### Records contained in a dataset
* * * * * * *

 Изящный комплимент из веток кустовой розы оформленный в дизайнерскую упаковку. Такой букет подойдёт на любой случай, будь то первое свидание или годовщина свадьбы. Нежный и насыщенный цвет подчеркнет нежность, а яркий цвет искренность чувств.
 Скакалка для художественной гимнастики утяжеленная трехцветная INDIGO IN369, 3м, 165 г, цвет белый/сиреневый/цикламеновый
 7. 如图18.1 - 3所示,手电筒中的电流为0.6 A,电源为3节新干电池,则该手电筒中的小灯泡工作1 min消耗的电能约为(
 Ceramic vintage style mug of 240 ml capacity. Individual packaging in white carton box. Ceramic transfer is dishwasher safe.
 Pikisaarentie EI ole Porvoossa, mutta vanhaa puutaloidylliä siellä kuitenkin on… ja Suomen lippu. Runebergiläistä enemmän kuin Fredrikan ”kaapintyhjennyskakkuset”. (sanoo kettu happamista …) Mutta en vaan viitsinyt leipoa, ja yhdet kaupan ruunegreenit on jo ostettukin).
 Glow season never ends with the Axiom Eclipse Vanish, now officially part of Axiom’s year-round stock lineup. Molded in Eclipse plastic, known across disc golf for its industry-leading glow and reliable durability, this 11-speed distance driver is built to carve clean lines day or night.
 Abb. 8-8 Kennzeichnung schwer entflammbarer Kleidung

* * * * * * *

### EXERCISE OBJECTIVE
Give back the data above exactly as it appears.

### ANSWER TO THE EXERCISE
 Изящный комплимент из веток кустовой розы оформленный в дизайнерскую упаковку. Такой букет подойдёт на любой случай, будь то первое свидание или годовщина свадьбы. Нежный и насыщенный цвет подчеркнет нежность, а яркий цвет искренность чувств.
 Скакалка для художественной гимнастики утяжеленная трехцветная INDIGO IN369, 3м, 165 г, цвет белый/сиреневый/цикламеновый
 7. 如图18.1 - 3所示,手电筒中的电流为0.6 A,电源为3节新干电池,则该手电筒中的小灯泡工作1 min消耗的电能约为(
 Ceramic vintage style mug of 240 ml capacity. Individual packaging in white carton box. Ceramic transfer is dishwasher safe.
 Pikisaarentie EI ole Porvoossa, mutta vanhaa puutaloidylliä siellä kuitenkin on… ja Suomen lippu. Runebergiläistä enemmän kuin Fredrikan ”kaapintyhjennyskakkuset”. (sanoo kettu happamista …) Mutta en vaan viitsinyt leipoa, ja yhdet kaupan ruunegreenit on jo ostettukin).
 Glow season never ends with the Axiom Eclipse Vanish, now officially part of Axiom’s year-round stock lineup. Molded in Eclipse plastic, known across disc golf for its industry-leading glow and reliable durability, this 11-speed distance driver is built to carve clean lines day or night.
 Abb. 8-8 Kennzeichnung schwer entflammbarer Kleidung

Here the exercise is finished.